Chapter 9 (new)
Xia
Xia and the rest of the student body—the unlucky many who hadn't snuck out the back—sat through a protracted assembly on date safety, featuring vague demonstrations on safer sex, advice on choosing designated drivers, and weirdly victim-blamey suggestions for avoiding being ruffied. Xia was offended and confused in equal measure. At least they tried? She wasn't sure she wanted to give the guidance counselors who'd arranged this display even that much credit.
The assembly let out with the end of day bell. It was a veritable stampede to the exits. Nobody wanted to be the last one sitting to be singled out for individual attention. Xia was no exception; she braved the shoving horde to find daylight soon as she could.

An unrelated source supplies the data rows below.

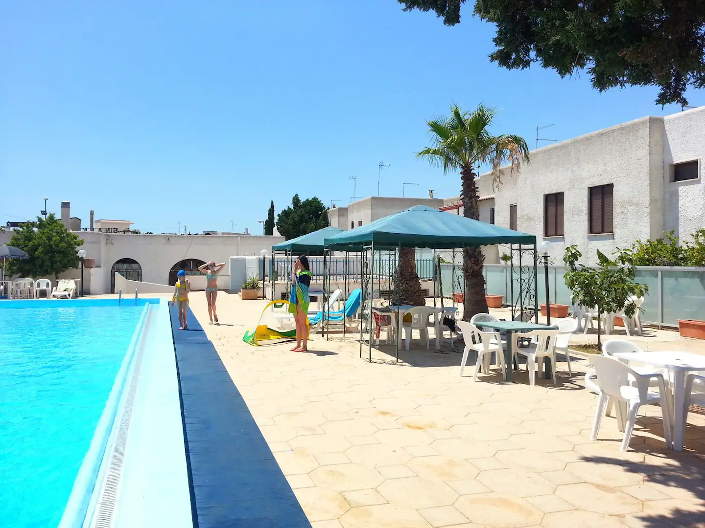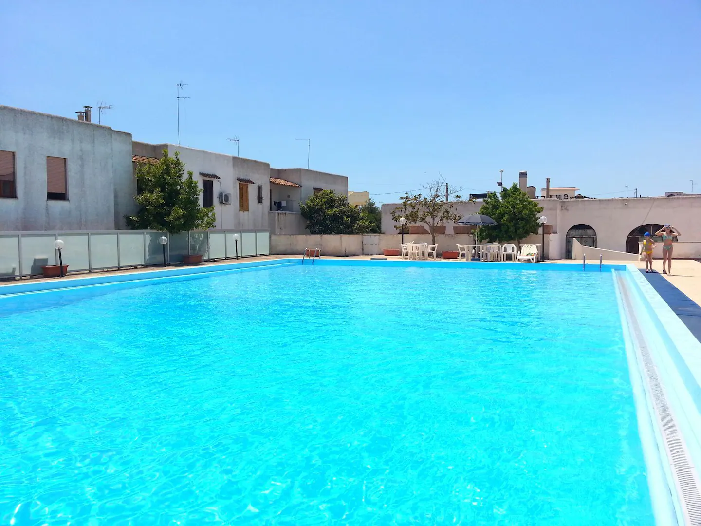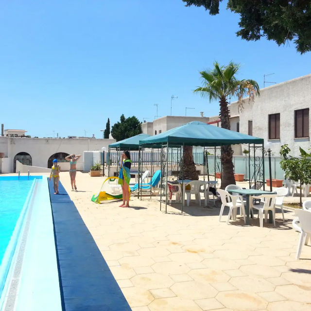 Possibilità di usare la piscina presente nel villaggio a partire dai primi giorni di luglio fino ai primi di settembre.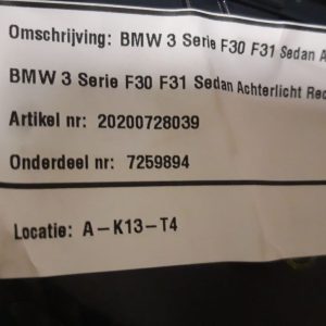 BMW 3 serie F30 F31 sedan achterlicht rechts buiten nette staat onderdeelnr: 7259894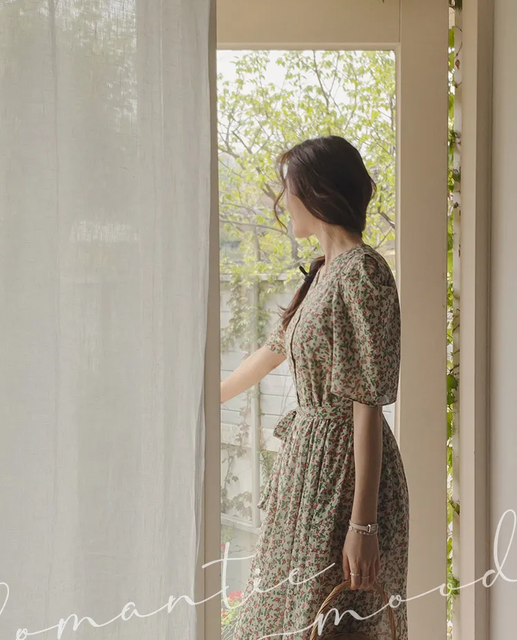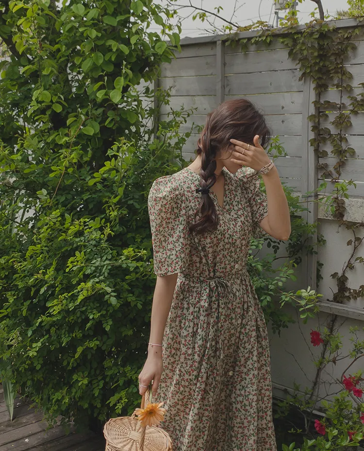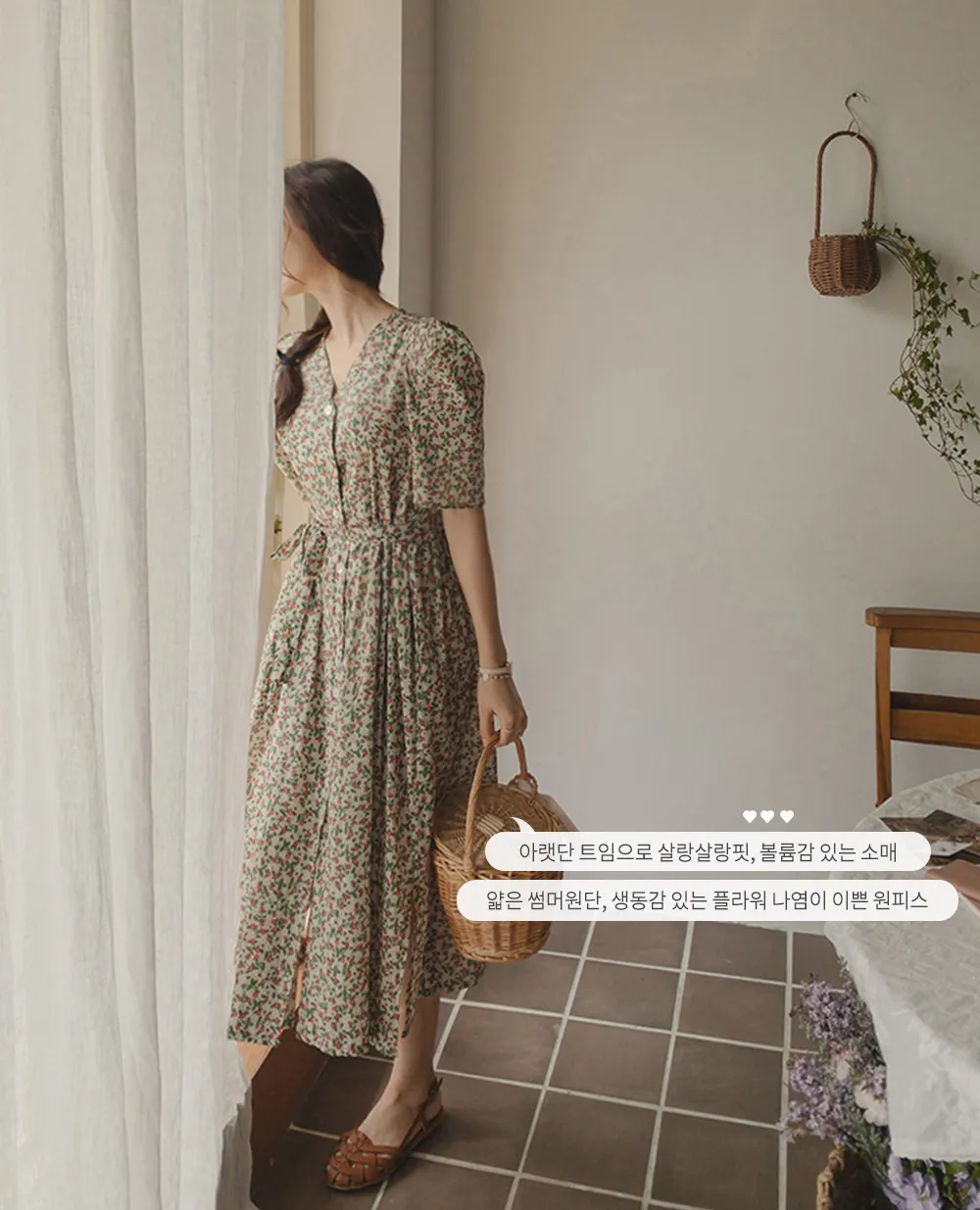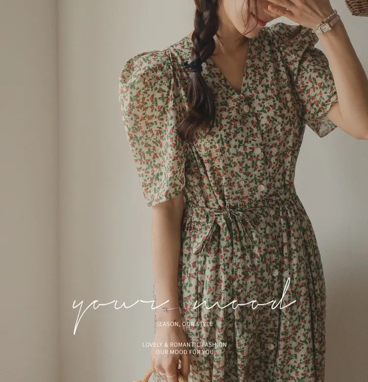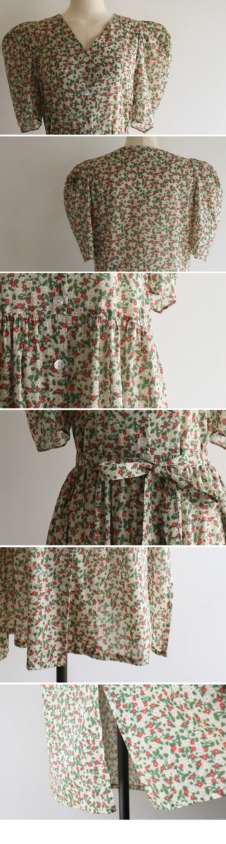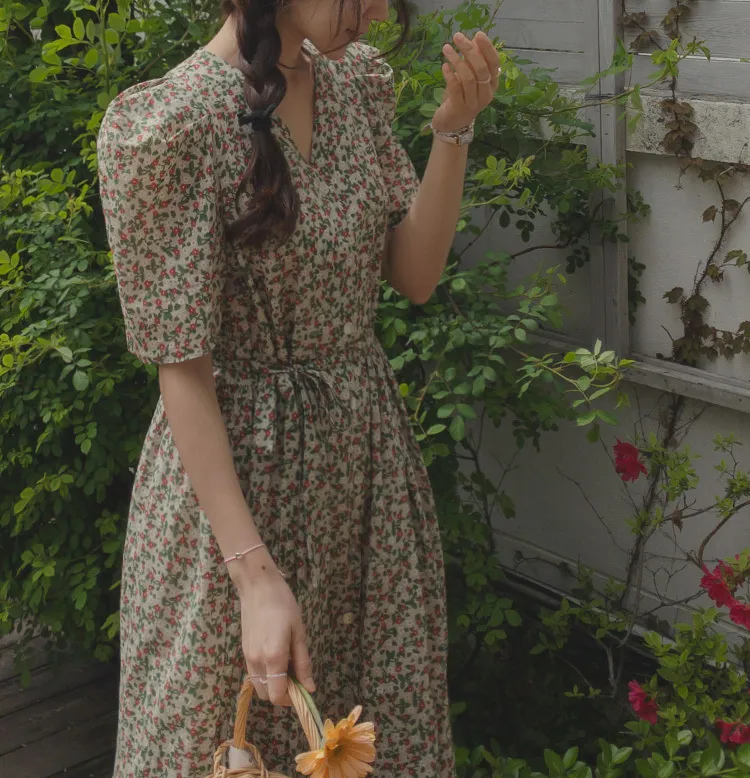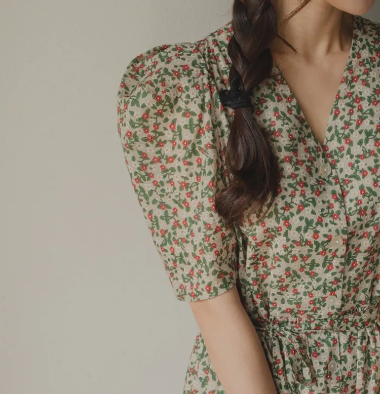浪漫小花V領排扣泡泡袖連身裙 米色

She shouldered through the afterschool ramblers to get snacks from the tissue paper bedazzled vending machines. Rhinestones and glitter everywhere. The Student Council was a decorating menace that couldn't be stopped. Trail mix and Big Red were Xia's feast of champions for the hour and she consumed them ravenously at an outside picnic table. There was an ASA meeting in thirty minutes, she was killing time till the classrooms emptied out to the buses and the parking lot.
The smell of jasmine and myrrh reached her well before a lean shadow stepped into her light.
"Hey, cutie. You wanna drag?" Phae tucked her hands in her jeans and crossed an ankle behind her leg, looking like she'd stepped out of GQ and Vogue at the same time. Xia wiped her hand on her skirt. Sweat or crumbs? Both.gif.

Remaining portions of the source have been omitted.